Изрядно замерзнув, я врубил горячую воду и повернулся к Наталье полностью. Ее взгляд «прилип» к тому, что она видела уже не один раз.

– Ты... ты... – забормотала она.

– Я, я, – невозмутимо вскрывая флакон с шампунем и плеская себе на ладонь зеленоватую вязкую жидкость, закивал я. – Уже тридцать восемь лет, кстати!

Она прервала никчемный монолог, повесив полотенце на вешалку и захлопнув дверь.

Когда я вышел из ванной, на кухне пахло жареным мясом, перцами и какой-то незнакомой мне южной приправой.

– Ты никогда не фаршировала перцы! – удивился я.

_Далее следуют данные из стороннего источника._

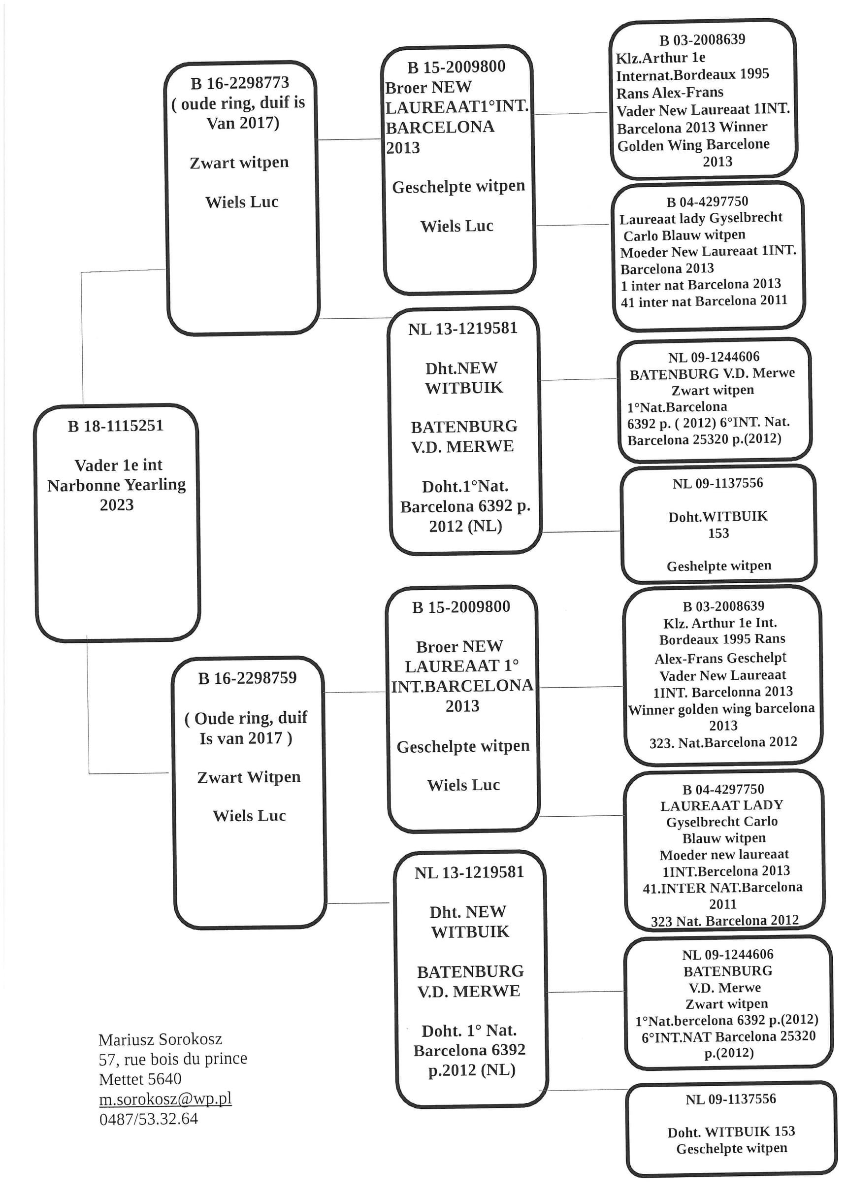 马利尤斯·索罗科斯(sorokosz mariusz )荣获拿邦国际赛一岁组冠军 - 国家赛一岁组6100羽冠军

– В Питере научили, – облизывая деревянную лопаточку, с которой капал жир, пояснила Наташа. – Вкуснейшая вещь между прочим! И в полном соответствии с наукой о раздельном питании: перцы и мясо, белок и зелень.

После ужина я, наконец, поведал Наташке о злоключениях, свалившихся на мою голову подобно метеоритному дождю.

Наталья прихлебывала чай и щурилась от сигаретного дыма, который, как я ни пытался направлять в форточку, почему-то уплывал в обратную сторону.

Смуглая кожа, слегка скуластое лицо с огромными голубыми глазами – все говорило о том, что в жилах Натальи смешались несколько кровей, и в настоящий момент все они не верили ни единому моему слову. В глазах как бы застыла усмешка: «Кончай полоскать мне уши, стахановец!»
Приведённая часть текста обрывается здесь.